The undergraduate literature course in Romanticism is a survey course, but focuses specifically on writing by women in order to encourage students to expand their understanding of the period and to question definitions of the field based primarily on the authorship and critical work of men. It uses but adapts some of the assignments developed for the graduate level course in order to encourage students to work in community and to see themselves as agentive actors in creating a course.

The Victorian Literature course asks students to consider persons who existed both in the center and the periphery: housekeepers, governesses, and maids. As people who lived and/or worked in the houses and families of the rich, these people groups offer a unique perspective on the state of English politics, class struggles, childhood, and gender politics. The course offers students a chance to “get their hands dirty,” as it were, by working with digitally archived periodicals in a project that could potentially provide the foundation for the final project.

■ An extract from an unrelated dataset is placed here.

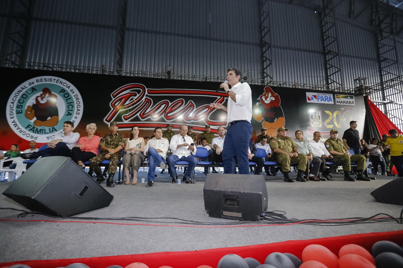Cerca de 3.500 estudantes, de 13 escolas da rede pública da sede municipal de Marabá e dos distritos de Morada Nova e São Félix, no sudeste paraense, participaram nesta quarta-feira (19) da cerimônia de conclusão de cursos do Programa Educacional de Resistência às Drogas e à Violência (Proerd). Realizado no Centro de Convenções da Assembleia de Deus, a partir das 16 h, o evento encerrou um ciclo de quatro meses de formação, e contou com a participação do governador Helder Barbalho e do vice-governador Lúcio Vale.
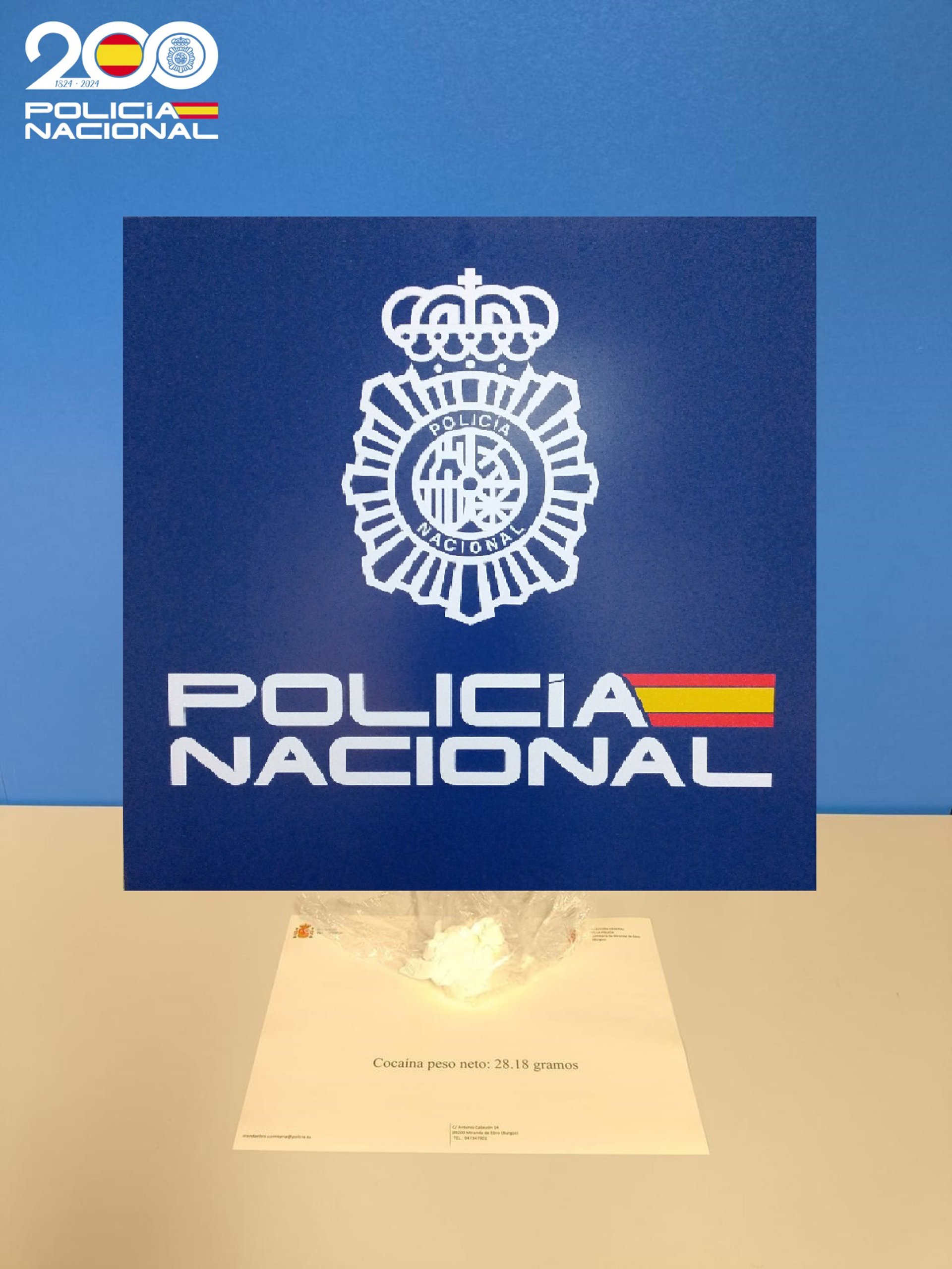 Agentes de Policía Nacional de la Comisaría Local de Miranda de Ebro (Burgos) han detenido a un hombre con 28,18 gramos de cocaína. La actuación policial tuvo lugar durante el desarrollo de un dispositivo ordinario de prevención de la Seguridad Ciudadana enfocado, entre otros objetivos, al control del consumo y menudeo de sustancias estupefacientes en vías, lugares o establecimientos públicos.

Finally, in response to concerns over the lack of writing support graduate students receive during their time in graduate school (see Madden et al. and Micciche and Carr), I have intentionally constructed the graduate level course so that it focuses not only on marginalized working women, but also the texts my students are producing as laborers in my class. Over the course of the semester, students submit a predetermined number of “musings”: short, reflective papers that wrestle with both primary and secondary sources–not, ultimately, to agree or disagree with a given critic or line of thought, but rather to write themselves into conversation with the scholars by whom we are surrounded. These short texts are read alongside of longer critical pieces and primary texts, enriching both local and global conversations.